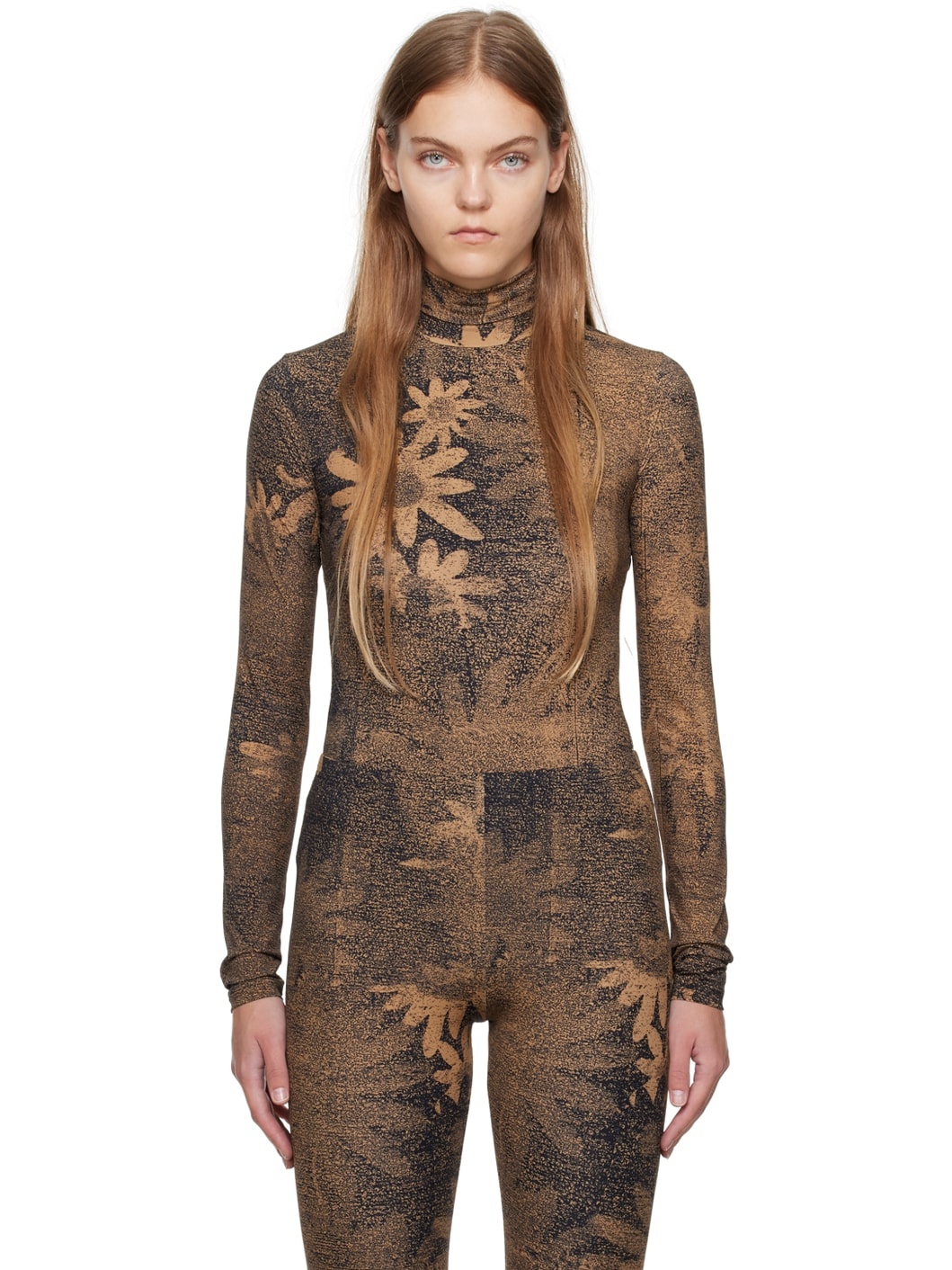 Stretch nylon jersey bodysuit. Graphic pattern printed throughout. · Turtleneck · Press-stud fastening at bottom · White stitching at back collar Supplier color: Tan/Black
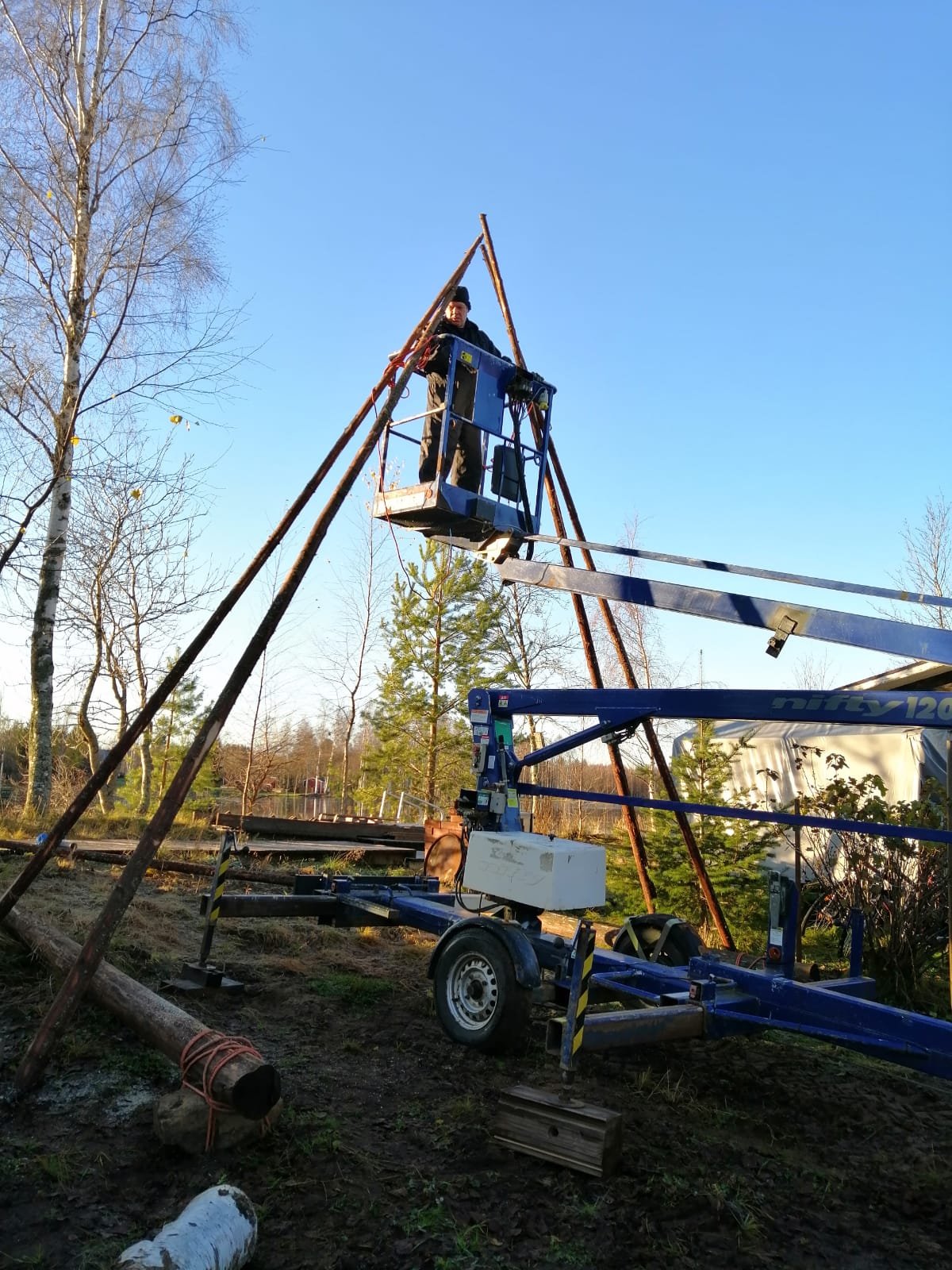 Eihän se ihan helppoa ole päästä korkealle. Traktorin katoltahan tuota suunnittelin ensin toteuttaa.
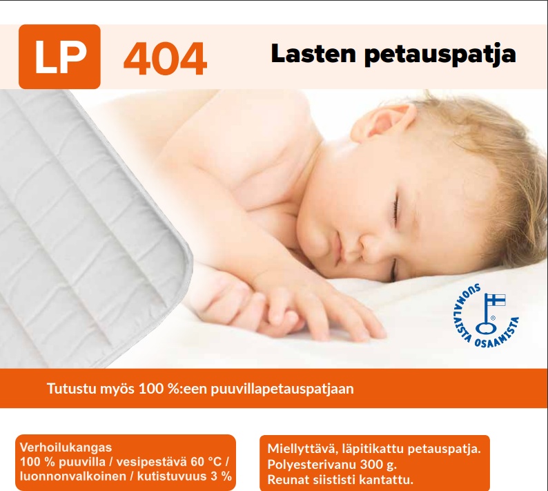 Lasten sijauspatja yhdistää kotimaisen laadun, puhtaan luonnonmateriaalin ja helpon hoidettavuuden – ihanteellinen valinta lapsen hyvinvointiin ja vanhemman mielenrauhaan. Saatavana useassa eri koossa.
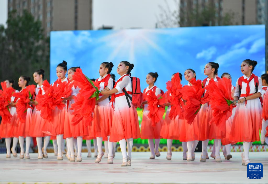 乌鲁木齐市米东区的舞蹈队表演舞蹈《坐着校车去上学》(7月28日摄)。新华社记者 胡虎虎 摄
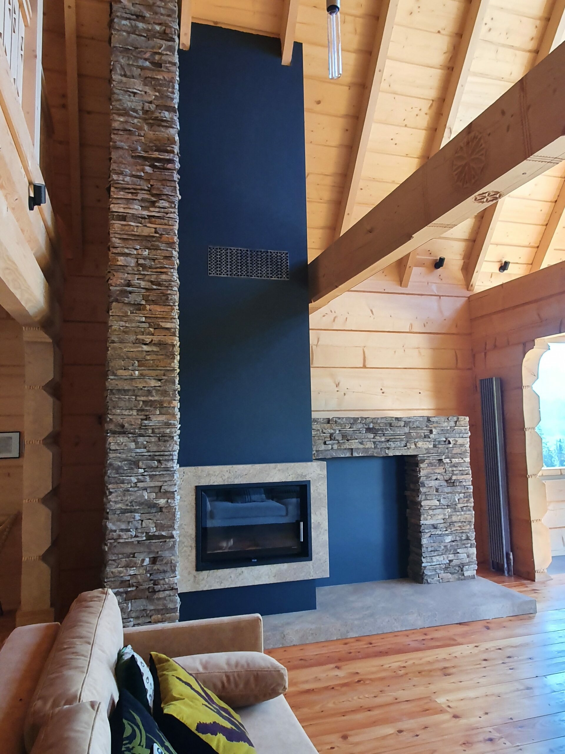 W realizacji wykorzystano wkład kominkowy marki DefroHome i kamień granitowy łupany.
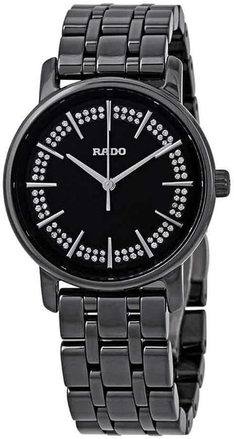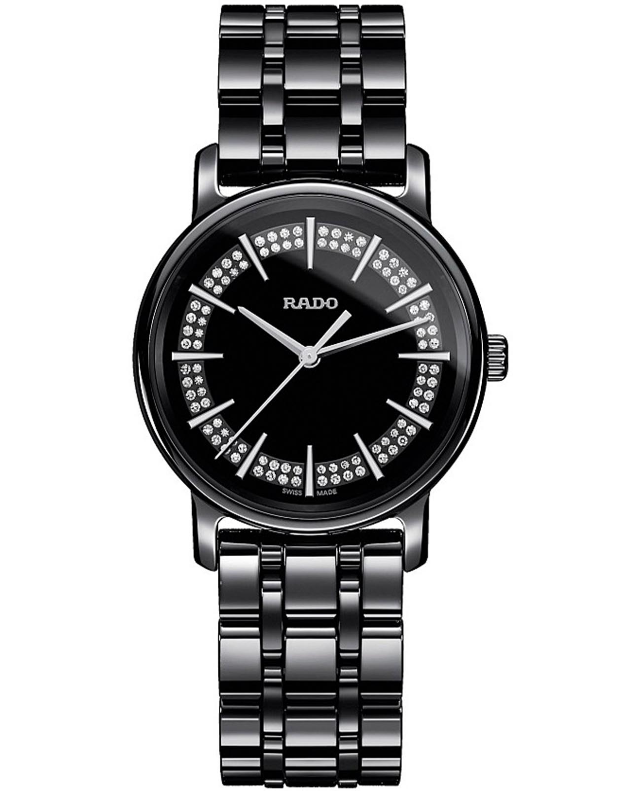 Швейцарские женские часы с бриллиантами Rado Diamaster R14063727, кварцевый механизм с высокой точностью. Сапфировое стеклоСапфировое стеклоПрочный и надёжный материал из кристалла сапфира синтетического происхождения, характеризующийся особой твёрдостью и устойчивостью к царапинам и повреждениям. устойчивое к появлению царапин, обладающее высокой прозрачностью. Класс водозащиты: 50 метров, позволит защитить корпус от случайных брызг или капель дождя. Циферблат с метками в виде штрихов и бриллиантов. Корпус и браслет часов изготовлен из высокотехнологичной керамикиВысокотехнологичная керамикаИнновационный запатентованный Rado материал с гладкой или матовой поверхностью. Керамика за счёт кристаллической структуры обладает повышенной устойчивостью от возникновения царапин. Материал способен принимать температуру тела человека, обеспечивая невероятный комфорт при ношении., браслет на раскладной застёжкеРаскладная застёжкаТакой тип застёжки используется только на браслетах из металла. Она никогда не раскрывается полностью, происходит разделение на 2 и более частей. Раскладывающая застёжка снизит вероятность потери часов к минимуму..
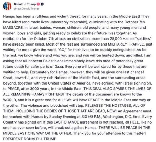 Great, powerful, and very rich Nations of the Middle East, and the surrounding areas beyond, together with the United States of America, have agreed, with Israel signing on, to PEACE, after 3000 years, in the Middle East. THIS DEAL ALSO SPARES THE LIVES OF ALL REMAINING HAMAS FIGHTERS! The details of the document are known to the WORLD, and it is a great one for ALL! We will have PEACE in the Middle East one way or the other. The violence and bloodshed will stop. RELEASES THE HOSTAGES, ALL OF THEM, INCLUDING THE BODIES OF THOSE THAT ARE DEAD, NOW! An Agreement must be reached with Hamas by Sunday Evening at SIX (6) P.M., Washington, D.C. time. Every Country has signed on! If this LAST CHANCE agreement is not reached, all HELL, like no one has ever seen before, will break out against Hamas. THERE WILL BE PEACE IN THE MIDDLE EAST ONE WAY OR THE OTHER. Thank you for your attention to this matter!
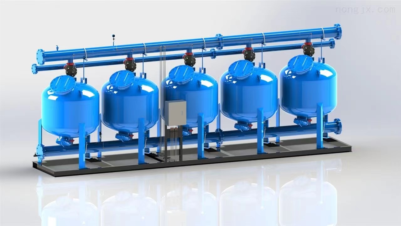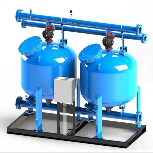 多罐組合,實現大水量、高濾速過濾,自壓反洗,根據壓差和時間控制,依次反洗
######
■ Task brief
Transcribe, word for word, the lines of the listing above from the one that contains "Eihän se ihan" through the one that contains "W realizacji wykorzystano", keeping both ends and dropping the pictures.

■ Written response
 Eihän se ihan helppoa ole päästä korkealle. Traktorin katoltahan tuota suunnittelin ensin toteuttaa.
 Lasten sijauspatja yhdistää kotimaisen laadun, puhtaan luonnonmateriaalin ja helpon hoidettavuuden – ihanteellinen valinta lapsen hyvinvointiin ja vanhemman mielenrauhaan. Saatavana useassa eri koossa.
 乌鲁木齐市米东区的舞蹈队表演舞蹈《坐着校车去上学》(7月28日摄)。新华社记者 胡虎虎 摄
 W realizacji wykorzystano wkład kominkowy marki DefroHome i kamień granitowy łupany.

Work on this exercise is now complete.